Iron Man was a pleasant surprise.... there had just been so many mediocre superhero flicks before it. I have some problems with Iron Man 2 but that one is still a lot of fun. I wonder how Iron Man 3 is going to turn out... Shane Black (Lethal Weapon films, Last Action Hero, Kiss Kiss Bang Bang) is writing & directing it.

I don't get the love for Nolan's Batman films... they're badly written & acted (Heath Ledger was good though), silly, and utterly pretentious. Oh, and "realistic" comic book movies? Stupid... comic books & superheroes are inherently unrealistic. It can't be made realistic. It's not realistic.
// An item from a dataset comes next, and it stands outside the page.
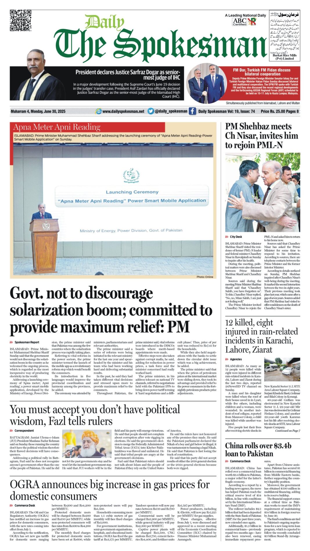 Daily The Spokesman PDF Daily The Spokesman 30 June 2025 PDF By News Desk June 30, 2025 0 424 Share FacebookTwitterPinterestWhatsAppLinkedinEmailTelegram Must read Daily The Spokesman 16 December 2025 PDF December 16, 2025 Kenya marks 62nd Jamhuri Day in Islamabad, Reaffirms strong ties with Pakistan December 15, 2025 Daily The Spokesman 15 December 2025 PDF December 15, 2025 Daily The Spokesman 14 December 2025 PDF December 14, 2025 News Deskhttps://dailyspokesman.net/live Daily The Spokesman 30 June 2025 PDF TagsDaily The Spokesman 30 June 2025 PDF Share FacebookTwitterPinterestWhatsAppLinkedinEmailTelegram Previous articleDaily The Spokesman 29 June 2025 PDFNext articleWorld Bank Appoints New Country Director for Pakistan - Advertisement - More articles Daily The Spokesman 16 December 2025 PDF December 16, 2025 Daily The Spokesman 15 December 2025 PDF December 15, 2025 Daily The Spokesman 14 December 2025 PDF December 14, 2025 - Advertisement - Latest article Daily The Spokesman 16 December 2025 PDF December 16, 2025 Kenya marks 62nd Jamhuri Day in Islamabad, Reaffirms strong ties with Pakistan December 15, 2025 Daily The Spokesman 15 December 2025 PDF December 15, 2025 Daily The Spokesman 14 December 2025 PDF December 14, 2025 Field Marshal Munir Commends Pakistan Army’s Resolve Against Internal and External Challenges December 13, 2025

It's fundamentally absurd... including Batman.

http://edwardcambro.blogspot.com/2010/1 … egins.html
http://edwardcambro.blogspot.com/2010/1 … night.html

http://cinemachine.blogspot.com/2007/05 … -part.html
http://cinemachine.blogspot.com/2007/05 … rt_27.html

Re: Iron Man

We discuss Shane Black quite a bit in the upcoming Iron Man 2 commentary.  We will discuss Nolan quite a bit when we go screaming through the Batman filmography, though I will say its not enough to just say "Nolan's batman is badly written," you have to be a bit more specific if you make that claim.  The notion you propose that comic books and superheroes is inherently unrealistic is a bit of a straw man, bordering on ad hominem.  Is Maus, the only comic to ever win a Pulitzer, unrealistic because it anthropomorphizes mice in lieu of holocaust survivors?  Technically yes,  but I would submit that it gets at a deeper truth.  This is to say nothing of comics like Pedro and Me, Don't Go Where I Can't Follow, Daytripper, Pride of Baghdad, and Strangers in Paradise which portray relationships in as real of a way as any other medium.  If you don't cotton up to capes and cowls too much, I understand, but don't throw the baby out with the bathwater.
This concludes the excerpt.